NO PASSING OFF

> Preventing the Passing Off of AI Content as Human Work This page explores the development of a **rule**—a practical and enforceable governance procedure—to address the challenge of distinguishing human-authored content from AI-generated content.

- Digital signatures and Proof of human. The signing of content prior to any assumption that it is not ai generated xxx.

- Yuval Harari is a good spokesperson for being clear about what is and what is not human authored. His voice can help define this NO PASSING OFF definition.

- We imagine a research group around this question. The creation of research wiki and then a Guide. We then imagine runiing micro-assemblies to test out and capture the ethical considerations of diverse and representative audiences.

- Finally we imagine, trining AI on this material, and beginning to run sustainable workshops both fictional and real to generate a new legal commons around a body of case law that considers the question - is thi passing off?

- AI can then be used as a low cost judge of whether passing-off has occured, Humans can dispute this claim, and a sustainably financed arbitration prcess can judicate, adding to the body of case law.

# Digital Signatures and Proof of Humanity Before any content can be presumed human-authored, it should be accompanied by a verifiable digital signature or a form of proof of humanity. These might include cryptographic signatures, biometric verification, or other verifiable attestations that link the content to a real person. This step helps ensure that authorship claims can be trusted, particularly in high-stakes domains.

## Defining No Passing Off The principle of No Passing Off means that no one should misrepresent AI-generated work as if it were created by a human. Public thinkers like Yuval Noah Harari have articulated the urgency of this distinction. Their voices can help define and legitimize the cultural and legal basis of this emerging rule.

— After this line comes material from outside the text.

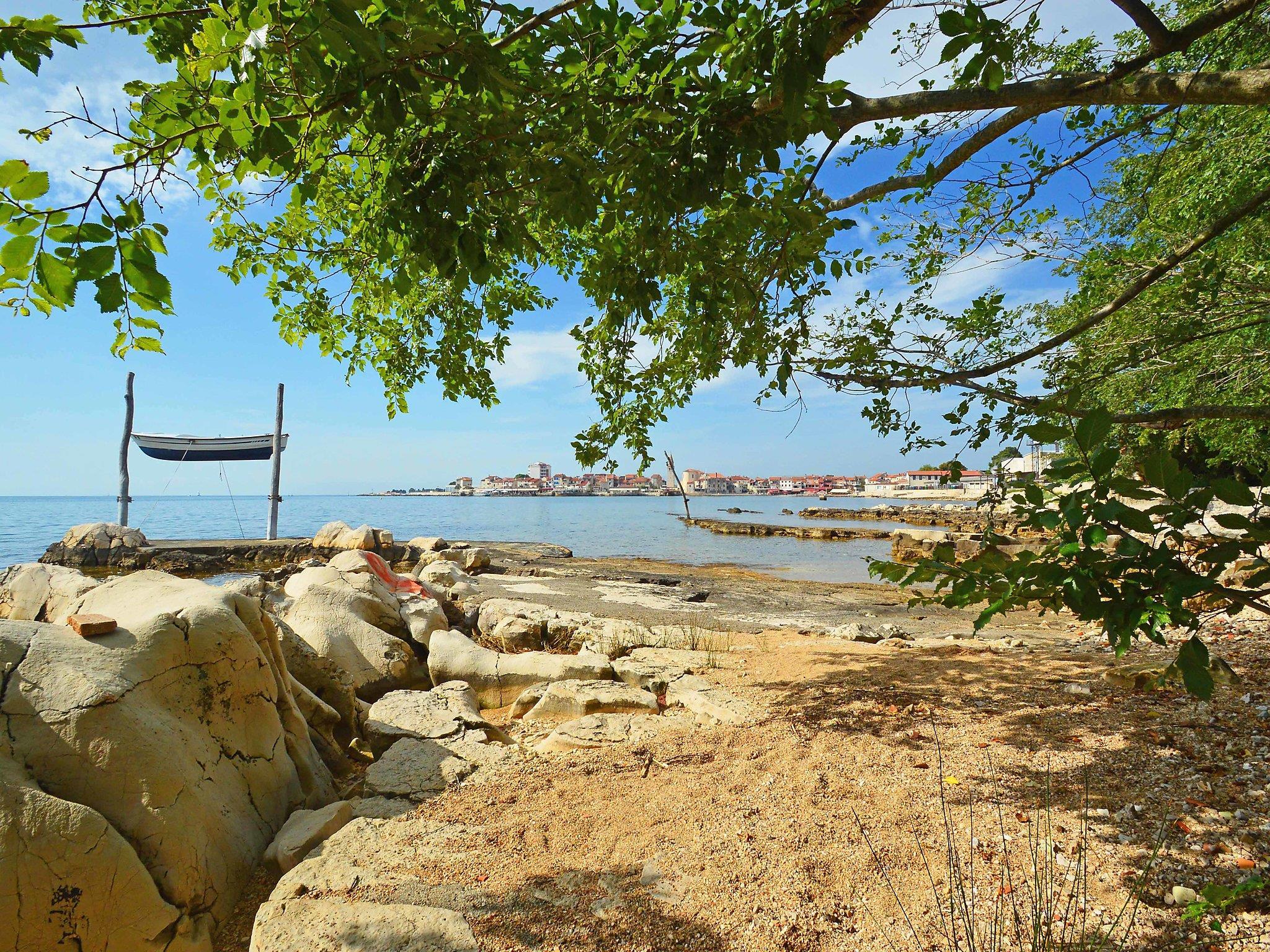 Kleines Einfamilienhaus "Aron". 400 m vom Zentrum von Umag, sonnige Lage, 50 m vom Meer, 200 m vom Strand, in einer Sackgasse. Zur Alleinbenutzung: Grundstück 200 m2, Garten Bäumen, Naturgarten. Pergola (10 m2). Im Hause: Internetzugang. Öffentliche Parkplätze. Einkaufsgeschäft, Restaurant 300 m, Bushaltestelle 1.3 km, Bahnstation 33 km, Sandstrand 300 m, Felsstrand, betonierter Strand 200 m. Golfplatz (18 Loch) 9 km, Tennis 1.5 km, Wanderwege ab Haus 200 m, Radweg 250 m, Kinderspielplatz 200 m. Der Zugang zum Nachbarhaus über das Gelände des Hauses.
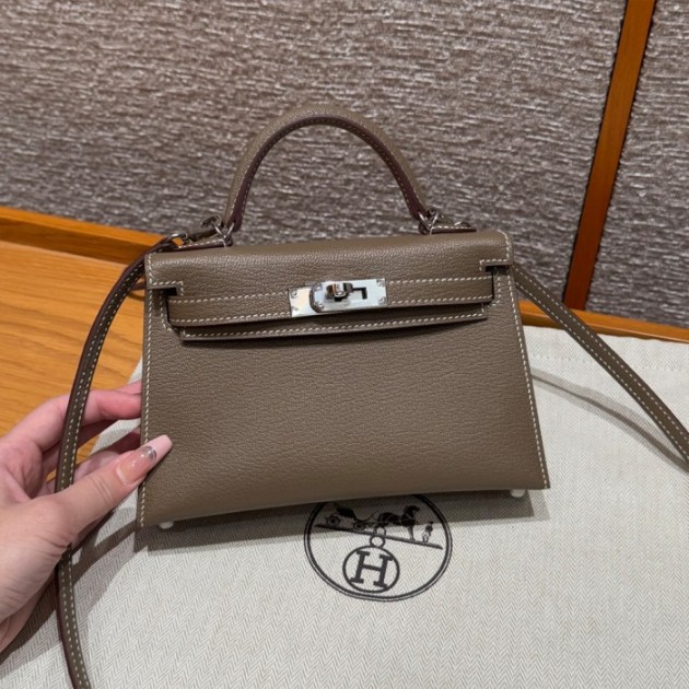 올수공 에르메스 미니 켈리 18/Etoupe 체브레 가죽 실버 하드웨어

# A Collaborative Research Group and Ethical Guide We propose the formation of a dedicated research group to maintain a living Research Wiki and produce a publicly editable Ethical Guide titled something like *Ethical Authorship in the Age of AI*. This guide would document best practices, edge cases, and community-sourced strategies to prevent AI-generated content from being passed off as human-made.

# Participatory Micro-Assemblies To ground this work in inclusive and diverse perspectives, we envision hosting micro-assemblies—small, deliberative public forums drawn from a broad demographic. These assemblies would debate and clarify ethical boundaries and help refine the rule through iterative community engagement.

# Training AI Judges and the Legal Commons As our body of research and case studies grows, it could be used to train AI judges—low-cost, automated evaluators that offer first-pass assessments of whether passing-off may have occurred. These judgments would not be final. Instead, humans could initiate dispute processes through a transparent and sustainably financed arbitration system. - AI Judges and Legal Commons - Robot Judges

The outcomes of these disputes would feed into a growing public database of decisions, forming a new legal commons—a shareable, open set of precedents for future cases.

# Hosting Workshops and Simulations To test and iterate this rule further, we imagine running both fictional (simulated) and real-world workshops. These could explore hypothetical cases, help train participants, and generate new insights. Over time, this effort may help establish an enforceable, broadly accepted framework for distinguishing and managing AI-generated content.